False positive rate is commonly reported in the CAD literature, with earlier studies reporting means of 3–5 false positives per four-image case [3
] and more recent studies reporting means of 2–3 false positives per four-image case [26
]. Recent studies estimate a range of 0.45 to 0.55 false positive marks per image from digital mammograms [26
], indicating that the false positive rate is comparable between film screen and digital mammograms with a mean of 2–3 marks per four-image mammogram. With v7.2, The et al. [28
] reported a mean false positive rate of 2.3 false positives per four-image case with digital mammography, which is the same as our mean of 2.3 false positives per four-image case with screen-film mammography.

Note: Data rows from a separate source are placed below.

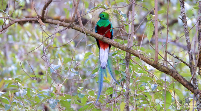 > Le Quetzal Resplendissant, espèces endémiques d’Amérique Centrale. Plutôt discret et craintif, il est difficile de l’approcher. Le mâle est a une longue queue ( jusqu’à 1 mètre) et une huppe sur la tête. Les femelles ont une queue plus courte et des couleurs un peu plus ternes. Oiseau sacré, il fut vénéré par les Mayas et les Aztèques.
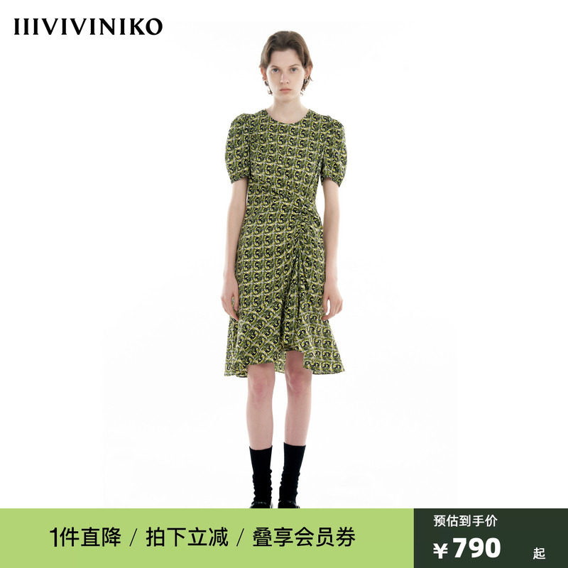 IIIVIVINIKO2024秋新款桑蚕丝不规则抽褶鱼尾连衣裙女R430641129A
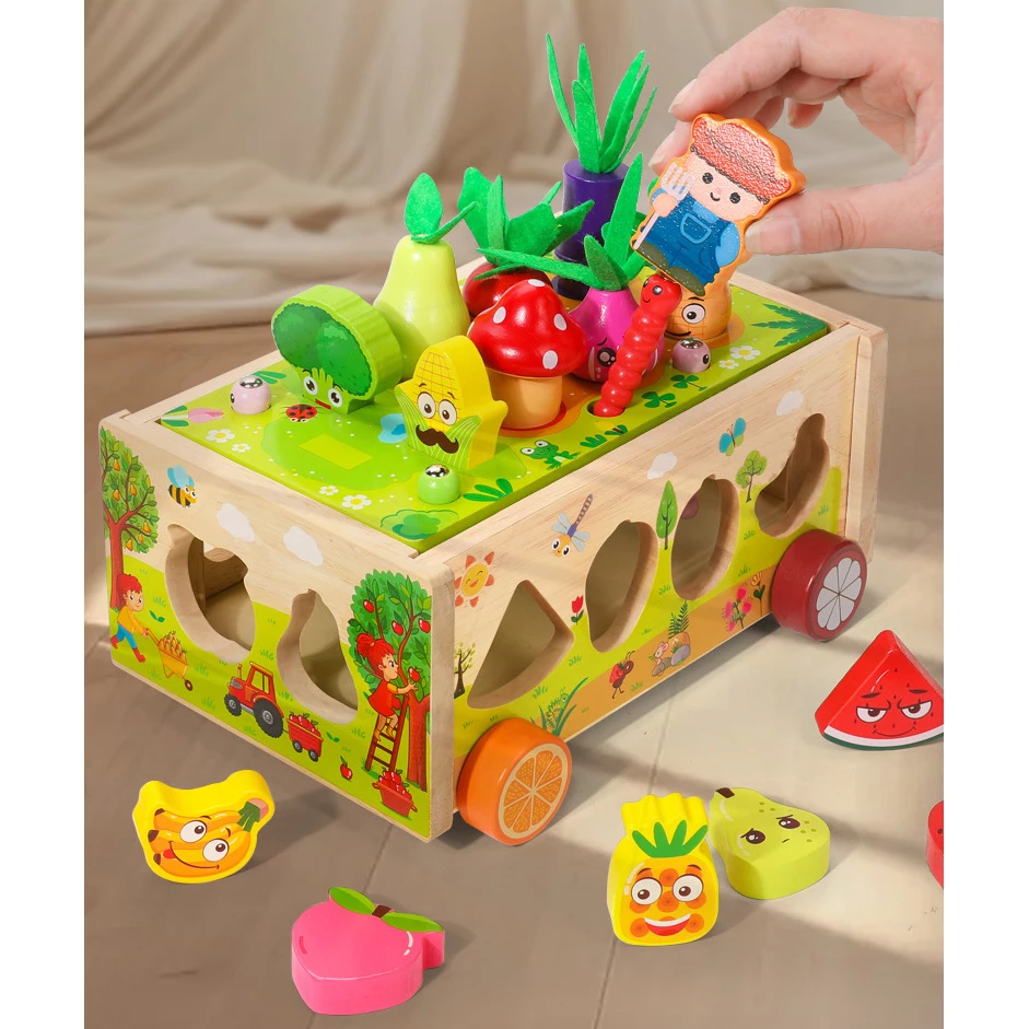 Дерев'яний навчальний набір Монтессорі включає 10 фруктових кубиків, 2 моркви, капусту, 2 гриби, 8 черв'яків, візок і ігрове поле у вигляді грядки. Іграшка повністю виготовлена із натурального якісного дерева з нетоксичною фарбою на водній основі. Всі елементи сортера ретельно відполіровані, гладкі та приємні на дотик. Ця іграшка розвиває навички диференціації форми, кольору та розміру у малюків. Барвистий набір для сортування фруктів і збору врожаю покращує дрібну моторику дітей, а дятел, що входить до комплекту, ловить черв'яків і тренує зорово-моторну координацію.Цей набір передбачає безліч способів гри, які неодмінно сподобаються малечі. Діти можуть грати в гру «Складання», дізнаватися про фрукти та кольори за допомогою милих будівельних блоків. Запросіть друзів малюка пограти в ігри з морквою, магнітним дятлом і черв'яками, і малюкам гарантовано захопливе проведення часу.
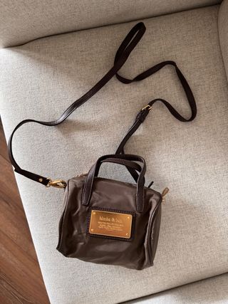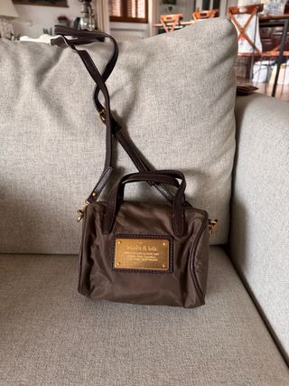 Winter collection 2010. Nylon marron (material muy duradero) y placa dorada. Las asas son de piel o simil. Los detalles de cremallera, enganches y adornos son dorados. El metal tiene algun desgaste de los años y le placa dorada tiene algun rayoncillo. Tamaño: 15x12 aprox.
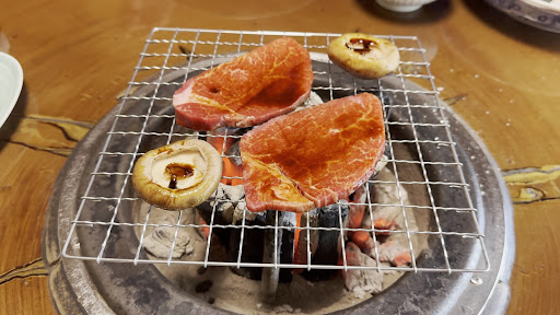 仲居さんがテーブルの焼き台に炭を丁寧に並べて、火が起きたら、目の粗い網を置いてからあみ焼きがスタート。分厚くカットしたヒレ肉を、たまり醤油のタレにくぐらせてから網に置いてじっくり炭火で焼き上げ、ちょうどいい頃合いに仕上がったお肉を一人一人に取り分けてもらえる。

In our study, v5.0 and v7.2 did not differ significantly in mean and median numbers of all marks and marks only on masses but differed significantly in mean and median number of marks only on calcifications. The most relevant comparisons to our results come from studies with the same versions of the CAD system we studied. With v5.0, Malich et al. [29
] and Brem et al. [23
] reported mean false positive rates for all marks of 2.5 and 2.4 per four-image case (multiplying Malich’s rates by 2 since they used two-image unilateral cases and multiplying Brem’s rates by 4 since they reported per image rates), which compare well with our mean of 2.3 false positives per four-image case. The Malich and Brem studies yielded mean false positive rates for masses and calcifications of 1.7, 0.8 and 1.6, 0.8, which also compare well with our mean results of 1.6, 0.8 with v5.0.
Interestingly, both CAD versions in our study have slightly higher, but not statistically significant, mean and median numbers of all marks, marks only on masses, and marks only on calcifications in non-dense breasts than in dense breasts. Brem did not stratify false positive rate by breast density, but Malich did, and although they showed a trend towards lower false positive rates with lower breast densities, the only statistically significant result they reported was a lower mean false positive rate for masses with entirely fatty breasts compared to the other breast density categories. Fewer CAD marks and higher specificity in dense breasts are likely the result of difficulty in identification or differentiation of patterns from dense tissue material.
Version 5.0 and 7.2 did not differ significantly in the proportion of marks classified as very easy or easy to dismiss—neither among the 76 marks that were identified in both versions nor among marks that were identified in one or the other version but not both. Therefore, it appears that although the false positive rate remains at a mean of 2.3 false positive marks per case, the majority of these marks are quickly evaluated by the radiologist and easily dismissed.
Although the total number of marks did not change between v5.0 and v7.2, the fact that only about one third of the marks were common is interesting. Although reproducibility may be a factor due to redigitization of the same screen-film mammograms several years later, this result may largely be a reflection of the significant changes in the CAD algorithms from v5.0 to v7.2. Although CAD sensitivity is not reported in this study, the manufacturer’s strategy from v5.0 to v7.2 was to increase CAD sensitivity while maintaining the CAD false positive rate. Since detection of masses is fundamentally more challenging for CAD than detection of calcifications, the false positive rate for calcifications was intentionally reduced to allow for an increase in the false positive rate for masses without a change in the overall false positive rate. This strategy could potentially facilitate increases in CAD sensitivity for masses while maintaining CAD sensitivity for calcifications (Hoffmeister JW, personal communication).
The retrospective nature of this study resulted in some limitations. First, all mammograms evaluated by CAD were screen film. Although there is an increasing trend toward digital mammography, this study still reflects the majority of practices. Second, the assessment of ease of dismissing CAD marks was made by one radiologist, who knew the marks were all false positive. However, the consistency of comparison between the two versions, several years apart, is an important result of this study.